Accelerating Deep Learning with Dynamic Data Pruning
Deep learning's success has been attributed to the training of large,
overparameterized models on massive amounts of data. As this trend continues,
model training has become prohibitively costly, requiring access to powerful
computing systems to train state-of-the-art networks. A large body of research
has been devoted to addressing the cost per iteration of training through
various model compression techniques like pruning and quantization. Less effort
has been spent targeting the number of iterations. Previous work, such as
forget scores and GraNd/EL2N scores, address this problem by identifying
important samples within a full dataset and pruning the remaining samples,
thereby reducing the iterations per epoch. Though these methods decrease the
training time, they use expensive static scoring algorithms prior to training.
When accounting for the scoring mechanism, the total run time is often
increased. In this work, we address this shortcoming with dynamic data pruning
algorithms. Surprisingly, we find that uniform random dynamic pruning can
outperform the prior work at aggressive pruning rates. We attribute this to the
existence of "sometimes" samples -- points that are important to the learned
decision boundary only some of the training time.
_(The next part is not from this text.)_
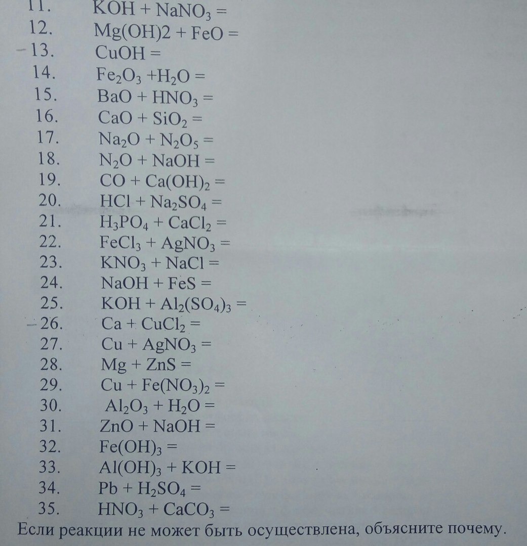 11 реакция ионного обмена идёт до конца, если в результате получается газ, вода или осадок . В 11 ничего этого нет, значит реакция не идёт. 12 невозможна потому, что нерастворимые основания не реагируют с основными оксидами. 13 в принципе возможно разложение нерастворимого основания 2CuOH= Cu2O+H2O , но ионного уравнения здесь не будет , так как ничто из компонентов не является электролитом. 14 не реагируют, только оксиды активных щелочных металлов реагируют с водой, а Fe к ним не относится.15: BaO+2HNO3= Ba(NO3)2+ H2O , ионное: BaO+2Hс плюсом +2NO3с минусом=Ba2с плюсом+2NO3 с минусом+H2O. 2 NO3 зачеркнуть с правой и с Лёвой стороны уравнения и записать, что осталось как сокращённое ионное. 16: CaO+SiO2= CaSiO3, ионного не будет, это не электролиты.17: Na2O+N2O5=2NaNO3 , Na2O+N2O5=2Na с плюсом+ 2NO3с минусом. 18 и 19 реакции не будет, эти оксиды несолетворные и солей образовывать не могут.20 реакция ионного обмена до конца не идёт, нет ни газа, ни осадка, ни воды.2H3PO4+3CaCl2=Ca3(PO4)2осадок+6HCl ; ионное:6Hс плюсом+2PO4 три с минусом+3Ca два с плюсом+6Cl с минусом=Ca3(PO4)2 осадок+6H с плюсом +6 Сl с минусом. Там, где осадок ставим стрелку вниз головой, у меня в планшете нет этого ничего, поэтому пишу словами. Зачеркиваем справа в уравнении и слева одинаковые Ионы, кроме осадка. Зачеркиваем. 6H с плюсом и 6 Cl с минусом. Получается сокращённое ионно уравнение:2PO4 3 c минусом+3Ca 2 с плюсом= Ca3(PO4)2 осадок.22: FeCl3+ 3AgNO3= Fe(NO3)3 +3 AgCl осадок; ионное: Fe три с плюсом+3Cl с минусом+ 3Ag с плюсом+ 3NO3 с минусом= Fe три с плюсом+3NO3 с минусом+ 3AgCl осадок. Зачеркиваем с обеих сторон Fe три с плюсом и 3NO3 с минусом. Записываем сокращённое иконное уравнение: 3Ag с плюсом+ 3Cl с минусом= 3 AgCl осадок ,стрелочка вниз.23 : ореакция не идёт до конца по тем же причинам, что и другие ионные: нет ни газа, ни осадка, ни воды. 24: 2NaOH+FeS=Na2S+Fe(OH)2 осадок. Ионное: 2Na с плюсом+2 OH с минусом+ FeS= 2Na c плюсом +S два с минусом+Fe(OH)2 осадок. Зачеркиваем с обеих сторон уравнения 2Na с плюсом, оставшееся переписываем как сокращённое ионное уравнение. К сожалению не отсею больше времени, скажу , что29 и 30 реакции невозможны, остальные пишите сами . Спасибо за внимание.

To better exploit the
subtlety of sometimes samples, we propose two algorithms, based on
reinforcement learning techniques, to dynamically prune samples and achieve
even higher accuracy than the random dynamic method. We test all our methods
against a full-dataset baseline and the prior work on CIFAR-10 and CIFAR-100,
and we can reduce the training time by up to 2x without significant performance
loss. Our results suggest that data pruning should be understood as a dynamic
process that is closely tied to a model's training trajectory, instead of a
static step based solely on the dataset alone.